You want to analyze the distribution of trip distances using a histogram. This way, you can understand the frequency of different trip distances and identify any patterns in the data. For example, you might want to know how many trips fall within specific distance ranges and whether there are any outliers. To create the histogram, you decide to use the Analysis Toolpak in Excel. The Analysis Toolpak provides a convenient way to generate histograms and other statistical analyses in Excel.

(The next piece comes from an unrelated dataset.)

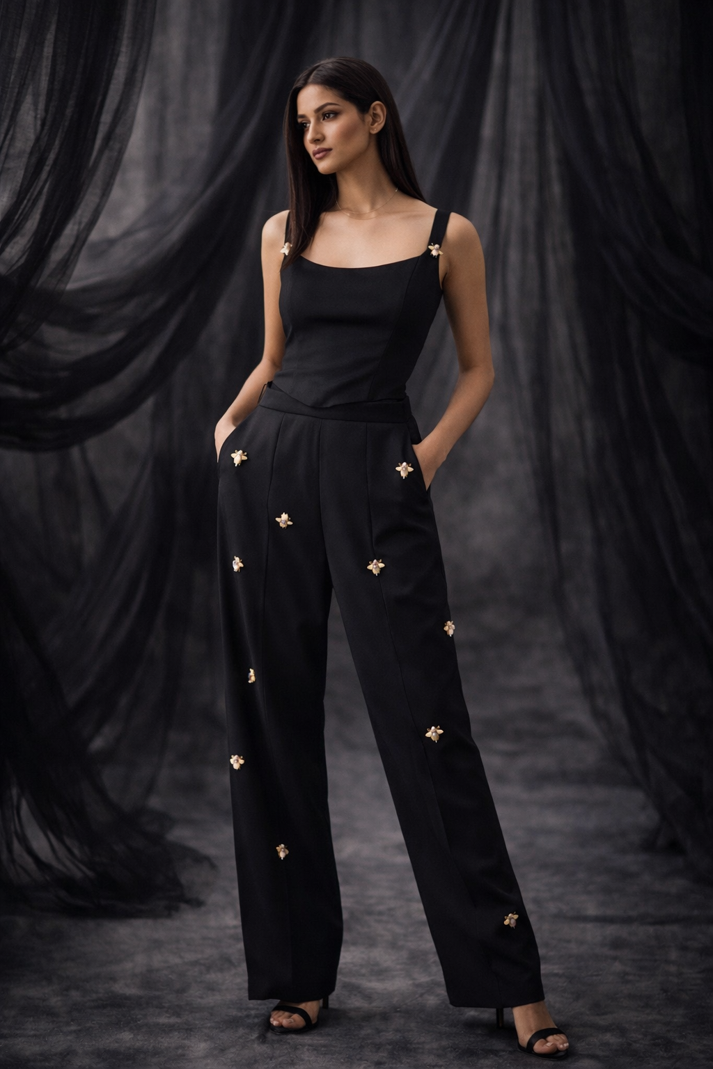 The embroidered bee motifs add subtle handcrafted detailing while maintaining the overall minimal aesthetic. The pants combine elegant tailoring with distinctive design elements.

A critical step in creating a histogram is to define the number of bins or intervals into which the data will be divided. This helps to group the data into meaningful categories and visualize the distribution more clearly.

In this case, you decide to create a histogram of the column trip_distance with ten bins. This means that the data will be divided into ten equally spaced intervals, and the frequency of trips falling within each interval will be displayed in the histogram. To configure these bins, you create a header “Bins (Upper Bound)” in column “J” (see Table 28.6).

Table 28.6: Bins (Upper Bound) for the Histogram. The upper bounds of the bins are placed in column “J” starting from cell J1.

	J
1	Bins (Upper Bound)
2
3
4
5
6
7
8
9
10
11

What formulas or values should be entered in cells J2. to J11. to define the ten bins for the histogram of the trip_distance column?

Which of the following alternatives best describes the configuration of the bins for the histogram of the trip_distance column in Excel?

Cell J2 : =MIN(E2:E1001) + (MAX(E2:E1001) - MIN(E2:E1001)) / 10 / Cell J3 := J2 + (MAX(E2:E1001) - MIN(E2:E1001)) / 10, and drag down from J3 to J11.
Cell J2 : =MIN(E2:E1001) + MAX(E2:E1001) / 10, Cell J3 := J2 + MAX(E2:E1001) / 10, and drag down from J3 to J11.
Cell J2 : =MIN($E$2:$E$1001) + (MAX($E$2:$E$1001) - MIN($E$2:$E$1001)) / 10 / Cell J3 := J2 + (MAX($E$2:$E$1001) - MIN($E$2:$E$1001)) / 10, and drag down from J3 to J11.
Cell J2 : =MIN($E$2:$E$1001) + MAX($E$2:$E$1001) / 10, Cell $J3 := J2 + MAX($E$2:$E$1001) / 10, and drag down from $J3 to $J11.